This opinion will be unpublished and may not be cited except as provided by Minn. Stat. § 480A.08, subd. 3 (2014).
Appellants, the estate and relatives of Maxwell David Henson, seek reversal of the district court's grant of summary judgment in favor of respondent Uptown Drink, LLC. They assert that the district court erred in concluding that their claims are barred by the exclusive-remedy provision of the Minnesota Workers' Compensation Act. Because Maxwell David Henson's injury and subsequent death did not arise out of and in the course of his employment, the workers' compensation act and its exclusive-remedy provision do not foreclose appellants' claims. We therefore reverse and remand.
This case arises out of the tragic death of Henson, who was fatally injured when he tried to aid the general manager of respondent Uptown Drink, LLC (Drink) in subduing and ejecting an aggressive patron. Appellants, collectively the trustee of Henson's estate and other relatives, asserted claims against Drink. The estate sued Drink for wrongful-death, alleging that Drink was negligent in removing the unruly patrons and for failing to have security personnel on duty. Henson's relatives also brought dram-shop claims, asserting that Drink illegally sold alcohol to the two unruly men. Drink moved for summary judgment, contending that the Minnesota Workers' Compensation Act (the act) provided appellants' sole remedy.

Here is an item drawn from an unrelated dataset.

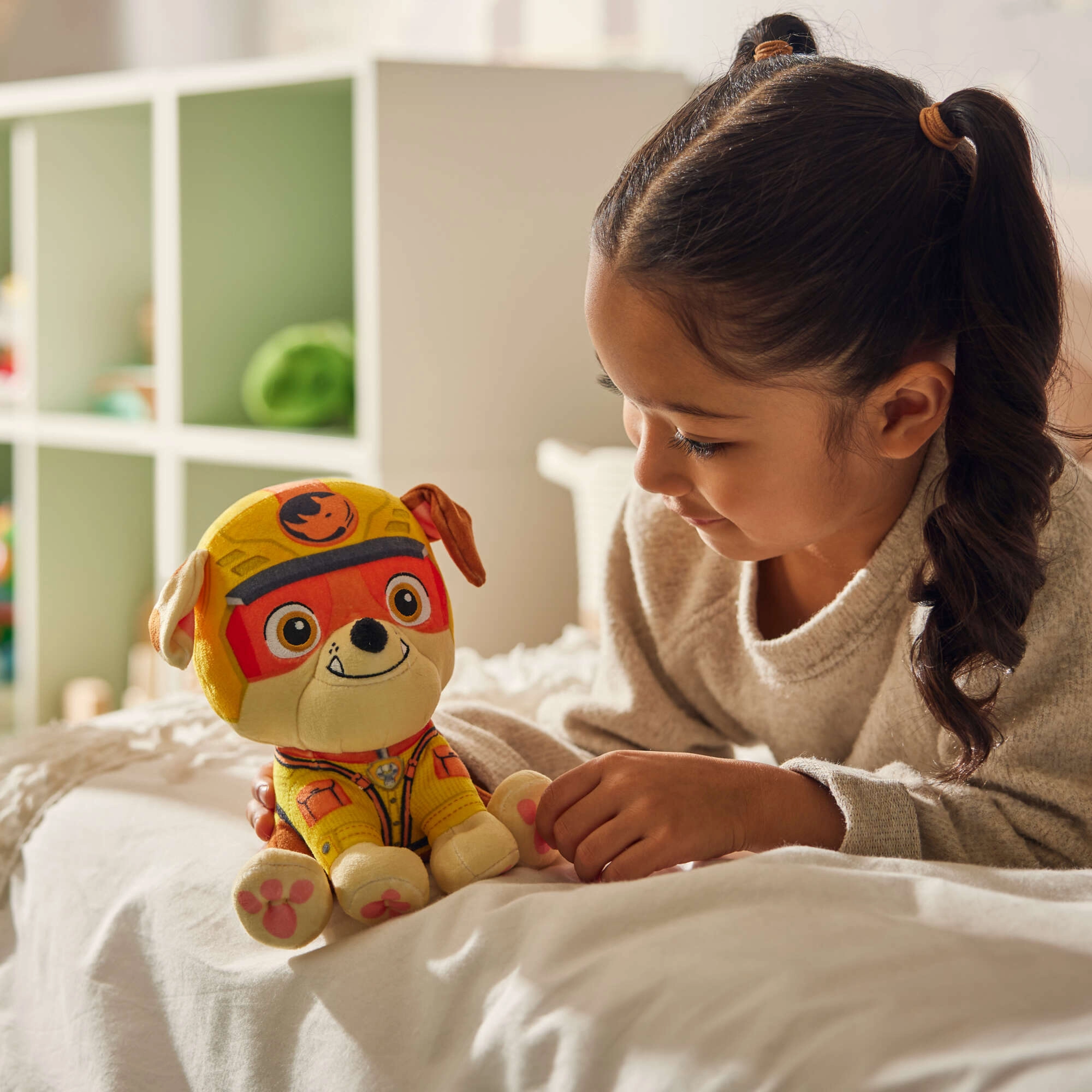 Door de stabiele zittende positie is hij perfect om mee te spelen of om op een plank neer te zetten. Kinderen genieten van knuffelen voor het slapengaan, rollenspellen met reddingsmissies en het prikkelen van de fantasie.

In November 2012, the district court referred the matter to the office of administrative hearings for a determination of whether Henson's injuries arose out of and in the course of employment. See Minn. Stat. § 176.301, subd. 1 (2014) (providing that if "a workers' compensation issue is present in the district court action, the court may . . . refer the matter . . . for assignment to a compensation judge"). The workers' compensation judge held an evidentiary hearing and found that Henson's injuries arose out of and in the course of employment and that the workers' compensation act therefore applied. The parties do not dispute the facts as found by the workers' compensation judge, so we adopt those findings in our decision.
The key, undisputed facts are as follows. Drink hired Henson as a food runner. Henson's primary responsibility was to deliver prepared-food orders to customers. He also performed other tasks, such as shoveling snow and sweeping floors, especially when business was slow. If business was too slow, Drink's general manager would send Henson home. Drink originally hired Henson at $7.25 per hour but later raised his wage to $7.75 per hour.
On Wednesday, March 23, 2011, Henson clocked in at 3:40 p.m. and, because of slow business, his manager told him to clock out early, which Henson did at 9:03 p.m. Henson stayed at Drink and ordered a half-priced meal along with an undiscounted beer. Per company policy, Henson took off his uniform and ate in the game room. At some point after Henson clocked out, the bartender on duty asked Henson to fix a beer tap, and he complied. Later, Henson moved a chair back to its spot at a table.
Around 9:30 p.m., Drink's bartender and general manager attempted to remove two unruly men from the premises. At 9:37 p.m., one of the men tried to punch the general manager. The bartender grabbed the man and forced him to the ground. The other man then attacked the general manager and attempted to choke him. Shortly thereafter, without being asked, Henson and a bar patron came to help the bartender and general manager subdue the attackers.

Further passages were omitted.